Assuming the financials appear promising, CFX looks to be a very nice way to play the Asian growth engine. Looking at their core markets, my first thought was that CFX is positioned very nicely. Reading the prospectus, it is clear CFX feels the same as they essentially come out and write in an SEC filing that they fully expect strong growth to continue in 2008.

Financials

$168 million in debt post-ipo. While not enough to derail operations, I would rather have seen insiders hold off on selling in this deal to allow CFX to repay more debt. CFX plans on acquiring companies going forward and a cleaner balance sheet would make those acquisitions far more accretive. In addition to the debt, CFX will have nearly $50 million in cash on hand post-ipo. I'd expect CFX to utilize this cash for future acquisitions. Overall for a company that has been rather aggressive in acquiring over the past four years, the balance sheet here is in decent shape.

Revenues grew steadily from 2003-2006 and exploded in 2007. Revenues were $345 million in 2005, $394 million in 2006 and $506 million in 2007.

Gross margins were 36% in 2005, 35% in 2006 and 35% in 2007. In 2007 CFX was able to grow revenues by 28% while maintaining gross margins. Approximately 50% of that growth was organic from existing business with the remainder from acquisitions and currency benefits.

2007 - Revenues were $506 million, a 28% increase over 2006. Gross margins were 35%. Operating expense ratio was 20%. Operating margins were 15%. Plugging in interest expense and full taxes, net margins were 7.5%. Earnings per share were $0.90. On a pricing of $16, CFX would trade 18 X's 2007 earnings. Note: Preceding numbers take into account debt paid off on ipo and fold out the $50 million in asbestos accounting gains for reasons noted above.

2008 - In the current S-1, CFX has preliminary first quarter revenue and operating earnings numbers. Operating margins were a bit light but there was no breakout of expenses, so I'm going to assume there were some asbestos accounting charges in those numbers. We'll know more when CFX officially releases first Q '08 results. I'm going to be slightly conservative in projections, however, based on the lower operating margins in first quarter 2008. Based on first quarter numbers and CFX's own enthusiasm for 2008 growth, I believe CFX can grow revenues 10%-15% in 2008. Assuming slightly lower operating margins, net margins should be in the same 7.5% ballpark due to lower debt servicing to revenue ratio. Earnings per share should be $1.05. On a pricing of $16, CFX would trade 15 X's 2008 earnings.

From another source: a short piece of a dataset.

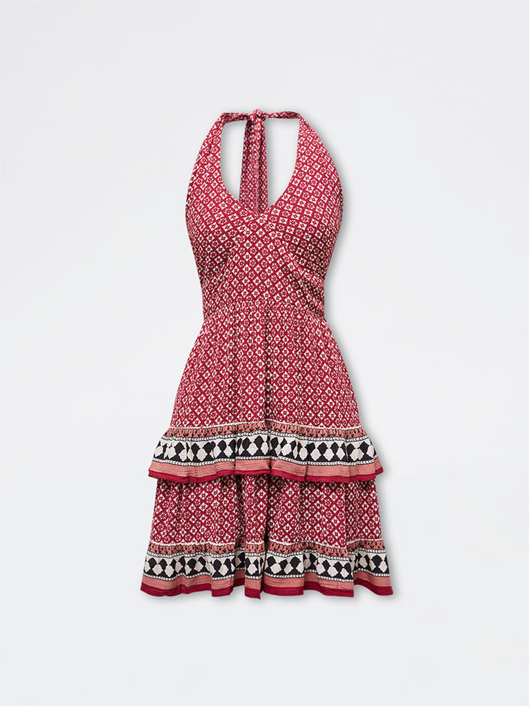 Bombay Paisley presents this red printed dress crafted from pure cotton for a light, breathable feel. The halter neckline is secured with a tie-round detailing, the neckline extends into a plunging V-shape framed by underbust stitching. Finished with a smocked back, an A-line silhouette and layered frills, it offers fluid movement and soft volume.

Conclusion - Very solid ipo. Too often this type of industrial solid cash flow business has come public laden with LBO debt. That isn't the case here. Yes, insiders could be selling less stock to allow CFX to pay off more debt, but the balance sheet here is in solid shape. Ideally I'd like to see all debt wiped off on ipo instead of 25%-30%. The ipo driver here is the current boom in worldwide shipbuilds, oil & gas equipment manufacturing and power infrastructure. These three sectors look to continue to grow strongly over the next 3+ years with much of that growth coming outside the US. CFX is positioned perfectly for that growth and 15 X's 2008 earnings is a very reasonable multiple here. Definite recommend in range and a bit above, I like this ipo.